Notice of attendance shall be made in one of the following ways:

  • by submitting a postal voting form, see below for more information;
  • on Lifco’s website lifco.se/arsstamma;
  • by telephone +46 (0)8-402 92 82; or
  • in writing to Lifco AB, Attn: “AGM”, c/o Euroclear Sweden AB, P.O. Box 191, SE-101 23 Stockholm, Sweden.

The notice shall state name, address, telephone number, personal or corporate identity number, number of shares held and, if applicable, the number of advisors (not more than two). Registered participants will by post receive a registration card with information to enable online remote participation.

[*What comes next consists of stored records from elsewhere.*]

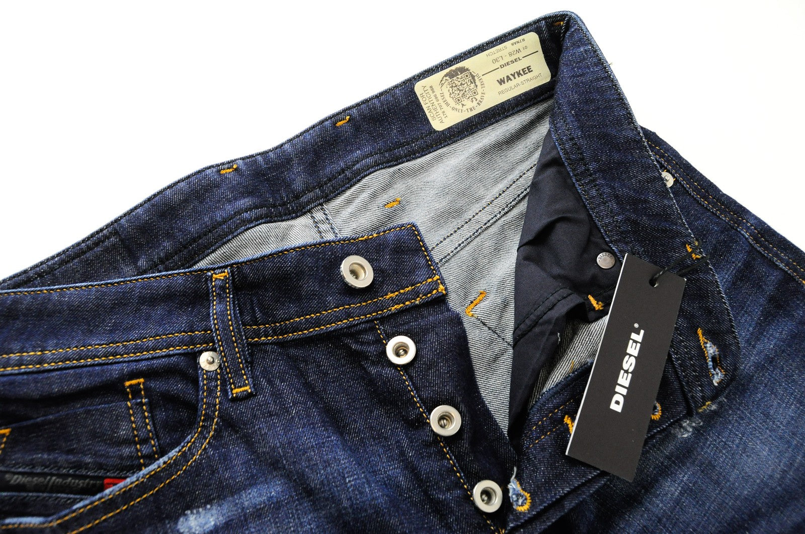 DIESEL Waykee R7NA8 Men Jeans W28/L30 Washed Dark Blue Cotton Straight Leg
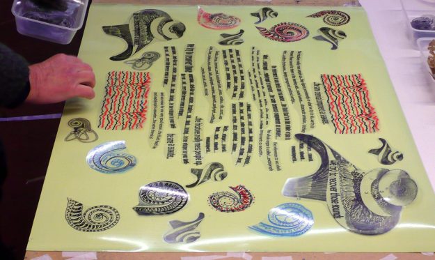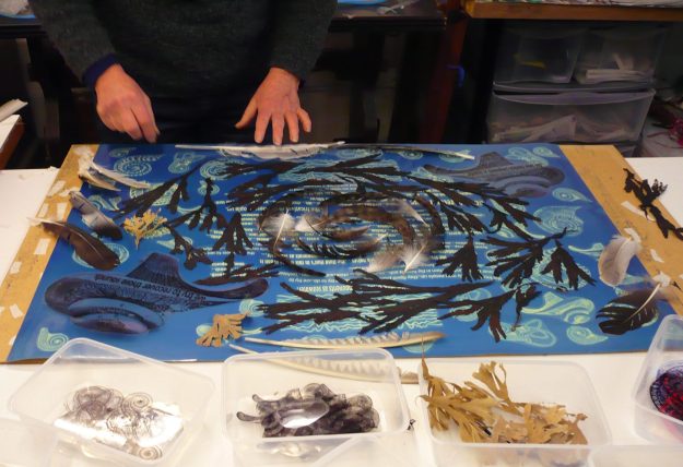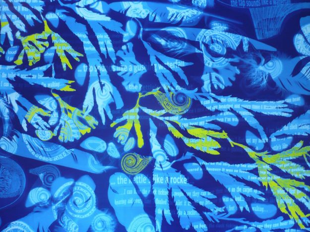 I used the same design elements in each: seaweed, feathers and shells. Each has their own text taken from my interactions with staff and out patients and reflect experiences of living with hearing loss – and hearing aids. These layers allow people to return to the work consider them in more depth and find new detail.
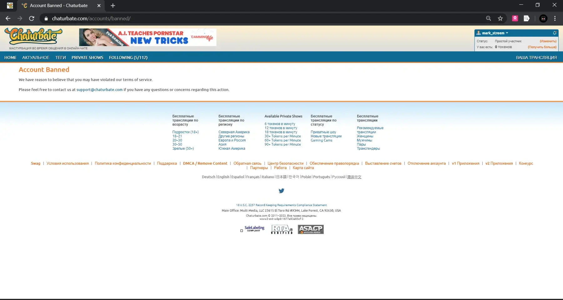 Good afternoon, I was blocked by the site forever, I do not support the policy of prohibition of communication between minors and I know the rules, I complied with all the rules, there were no such messages on my part! Perhaps there were reports of the user who wrote to me about this! I ask you to check all my dialogs because I am sure that I have not allowed a violation, and return my page to Chaturbate! In the letter that sent me the site is indicated "we were informed", this does not mean that I did it! I ask you to double -check all the information! I love my work and I want to return it! My nickname mark_streem
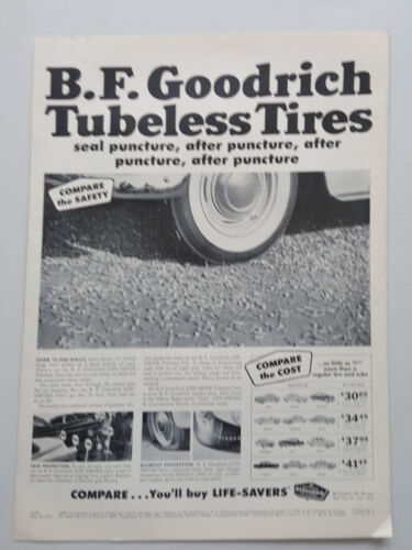 1954 B.F. Goodrich Tubeless Tires Life-Savers Nails Vintage Magazine Print Ad
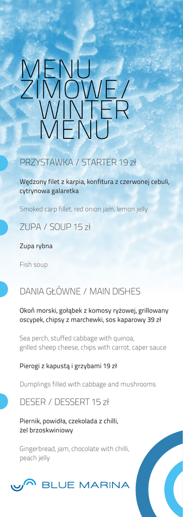MENU ZIMOWE/ WINTER MENU PRZYSTAWKA / STARTER 19 zł Wędzony filet z karpia, konfitura z czerwonej cebuli, cytrynowa galaretka Smoked carp fillet, red onion jam, lemon jelly ZUPA / SOUP 15 zł Zupa rybna Fish soup DANIA GŁÓWNE / MAIN DISHES UB-BRAND Okoń morski, gołąbek z komosy ryżowej, grillowany oscypek, chipsy z marchewki, sos kaparowy 39 zł Sea perch, stuffed cabbage with quinoa, grilled sheep cheese, chips with carrot, caper sauce Pierogi z kapustą i grzybami 19 zł Barbarossa Dumplings filled with cabbage and mushrooms DESER / DESSERT 15 zł sygnet logotyp Piernik, powidła, czekolada z chilli, żel brzoskwiniowy tauracjaGingerbread, Blue Marina jam, chocolate with chilli, peach jelly sygnet logotyp
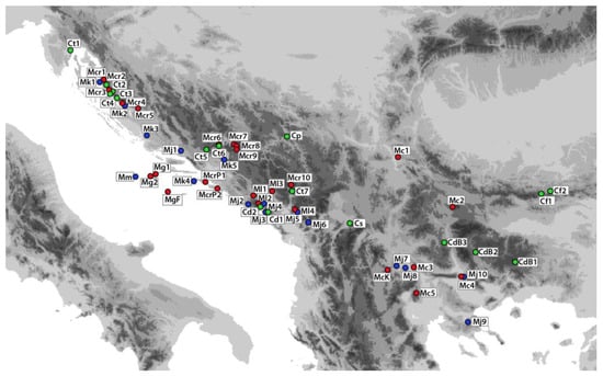 Collection sites of studied Micromeria and Clinopodium taxa: Mc, M. cristata ssp. cristata; McK, M. cristata ssp. kosaninii; Mcr, M. croatica including the former M. pseudocroatica, McrP; Mg, M. graeca ssp. graeca; MgF, M. graeca ssp. fruticulosa; Mj, M. juliana; Mk, M. kerneri; Ml, M. longipedunculata; Mm, M. microphylla; Cd, C. dalmaticum including the former M. bulgarica, CdB; Cf, C. frivaldszkyanum; Cp, C. pulegium; Cs, C. serpyllifolium; Ct, C. thymifolium. Three genetic groups determined by STRUCTURE were marked using the same colours (blue, green, red).
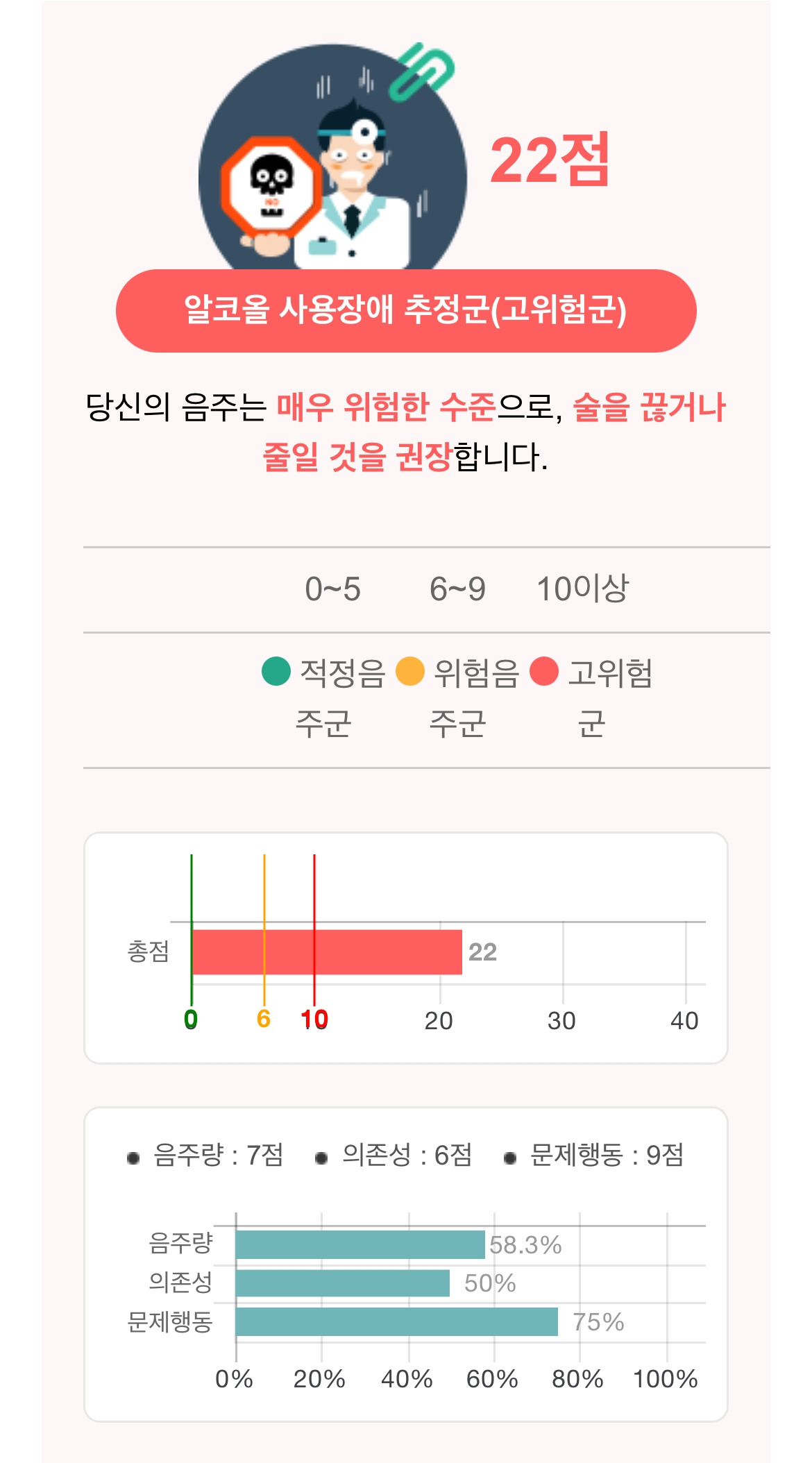 40점 만점(?)에 22점이니, 이 정도는 나쁘지 않네 하다가 5점 이상부터 음주 문제가 있을 수 있다는 부분을 읽으니 살짝 ‘경각심’이 들었다.
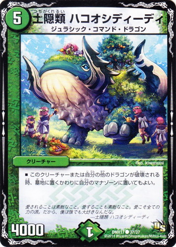 ![]() ![]() | DMX17 37 土隠類 ハコオシディーディ クリーチャー 龍の祭典!ドラゴン魂フェス!! C 文明:自然 コスト:5 マナ:1 パワー:4000 種族:ジュラシック・コマンド・ドラゴン ■このクリーチャーまたは自分の他のドラゴンが破壊されている時、墓地に置くかわりに自分のマナゾーンに置いてもよい。 愛されることは素敵なこと。愛することは素敵なこと。愛こそ全ての力の源。だから、僕は誰でも大好きなんだな。 ---土隠類 ハコオシディーディ illus:kawasumi |
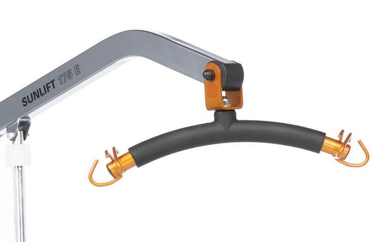 Perchas recubiertas de material antideslizante y con ganchos que se cruzan para impedir que la cinta del arnés pueda soltarse. Esta grúa dispone de un indicador de nivel de batería y de un aviso acústico contra descarga total al ser pulsado el control manual.
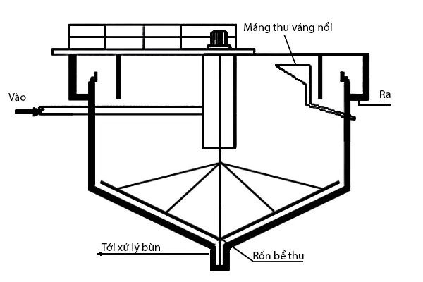 Bể lắng đứng còn được gọi là bể lắng ly tâm: đặc trưng của bể lắng là hỗn hợp nước bùn đi từ dưới lên trên, bùn nặng lắng xuống dưới còn nước trong răng cưa thoát ra ngoài.
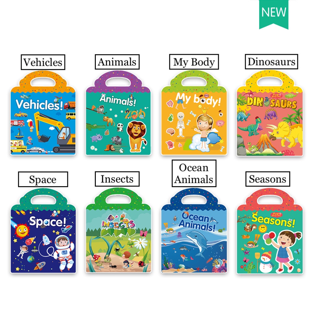 [SG] Reusable Educational Sticker Books (16-Themes) - Children's Activity Sticker Book
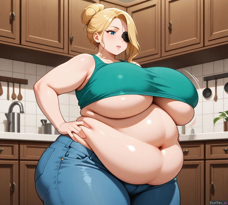Solo, adult woman, milf, Highres, (milf:1), (blue eyes), blonde hair, voluminous hair, highbun, (kitchen), hair_over_one_eye, crop top, jeans, wider hips, hands_on_hips, (slim figure:1.0), (breasts:1.5), (overweight:1.3), (hips:1.0), (butt:1.0), (chubby belly:1.2), (thick thighs:1.0), (Weight gain:1.1), (breast expansion:1.1), underboob
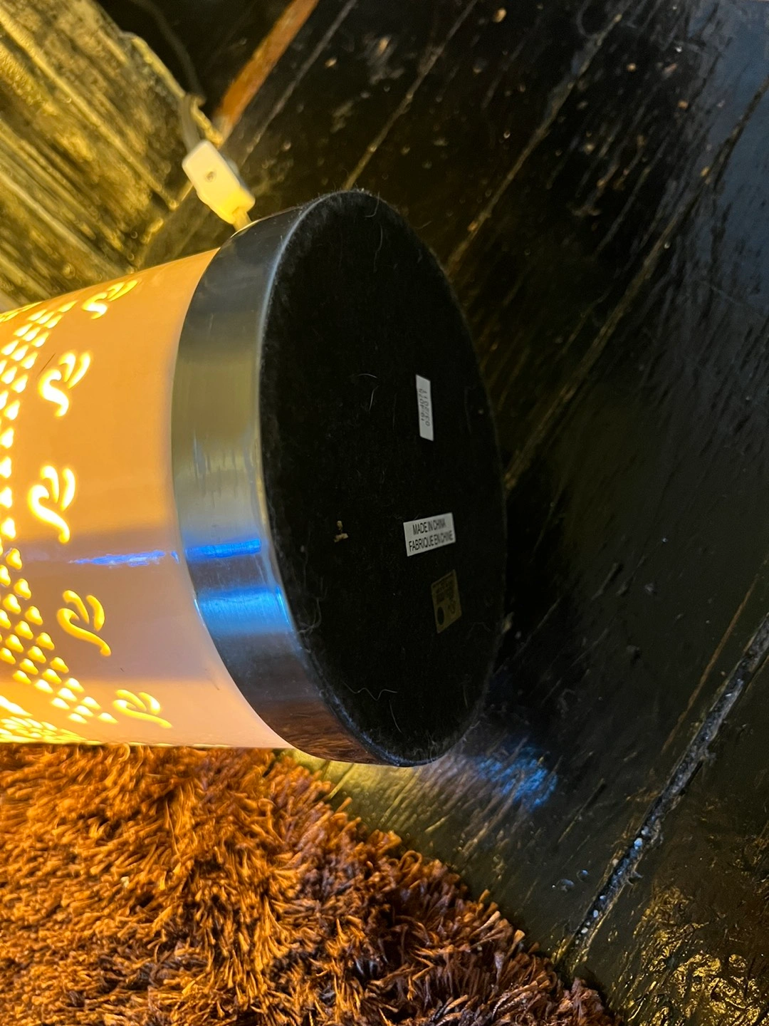 These lamps feature a gorgeous white lace cut out design that adds a touch of elegance and sophistication to any room. The stainless steel base provides stability and durability, while the on/off switch located on the chord allows for easy and convenient use.
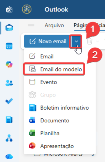 1. Na guia Página Inicial, no grupo Novo email, clique na setinha para baixo (v);
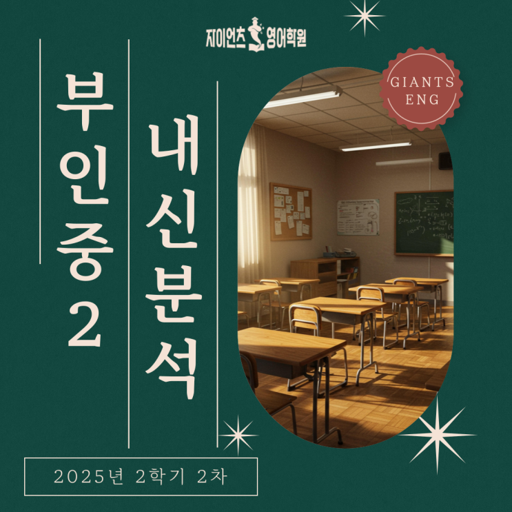 안녕하세요! 부천 상동 영어학원, 부인중 영어 내신 전문 자이언츠 영어학원 입니다. 오늘은 25년도 2학기 기말고사 부인중 영어 시험 분석 포스팅입니다. 이번 부인중 기말고사 영어 시험은 전반적으로 평이한 난이도였습니다. 문제 난이도 자체도 무난했고, 학생들이 실수할 법한 유형의 문제가 적어서 많은 학생들이 점수 상향을 볼 수 있었을 텐데요. 그만큼 이번 시험에서 오답이 나왔다면 어떤 부분이 부족한지 명확히 보이기도 하기 때문에, 복기하는 과정이 꼭 필요합니다. 부인중 영어 전문 자이언츠영어학원은 다년간의 학원 운영과 양질의 수업을 병행하여, 부인중 영어 내신에 대해 깊은 노하우와 전문성을 가집니다. 자이언츠에서 분....... <img src="https://blogthumb.pstatic.net/MjAyNTEyMjRfMTUg/MDAxNzY2NTczMjg3NTM3.856lCXQ9AQymZCXPtAbX_vU4VJZMqrF2xFaBcNam9I8g.ujhoWN8n-9ppaDUWcTYQfSs3wY92ETAAUqXWzVYpnBUg.PNG/001.png?type=s3" />

Shareholders represented by proxy shall issue a dated and signed power of attorney for the proxy. If the power of attorney is issued on behalf of a legal entity, a certified copy of a registration certificate or corresponding document shall be appended, which indicates the authorized signatories of the legal entity. The original power of attorney and, where applicable, the certificate should be submitted to the Company at the address indicated above well in advance of the meeting. Proxy forms are provided at the website lifco.se/arsstamma, and will be sent to shareholders that so request.

Postal voting

Shareholders may exercise their voting rights by voting in advance using postal voting. A special form must be used for postal voting, which is available via the website lifco.se/arsstamma. Shareholders do not need to submit a separate registration when voting by post only; a completed and signed postal voting form is valid as registration to participate in the AGM.

The form is signed electronically by using Swedish ‘BankID’ through the website lifco.se/arsstamma. To be valid as a registration for the AGM, such electronic signature must be registered no later than Thursday 22 April 2021.

If the shareholder is a legal entity, the form for postal voting found through the website lifco.se/arsstamma should be used. The completed form is signed by authorized signatory and sent by post to Lifco AB, Attn: “AGM”, c/o Euroclear Sweden AB, P.O. Box 191, SE-101 23 Stockholm, Sweden or by e-mail to GeneralMeetingService@euroclear.com. Proof of registration or other authorisation document must be enclosed with the form. The same procedure applies for shareholders voting in writing or by proxy in advance. If the shareholder is represented by proxy, the power of attorney shall be enclosed (see further “Notice of attendance” above.) The form of postal voting shall be provided to Lifco not later than Thursday 22 April 2021.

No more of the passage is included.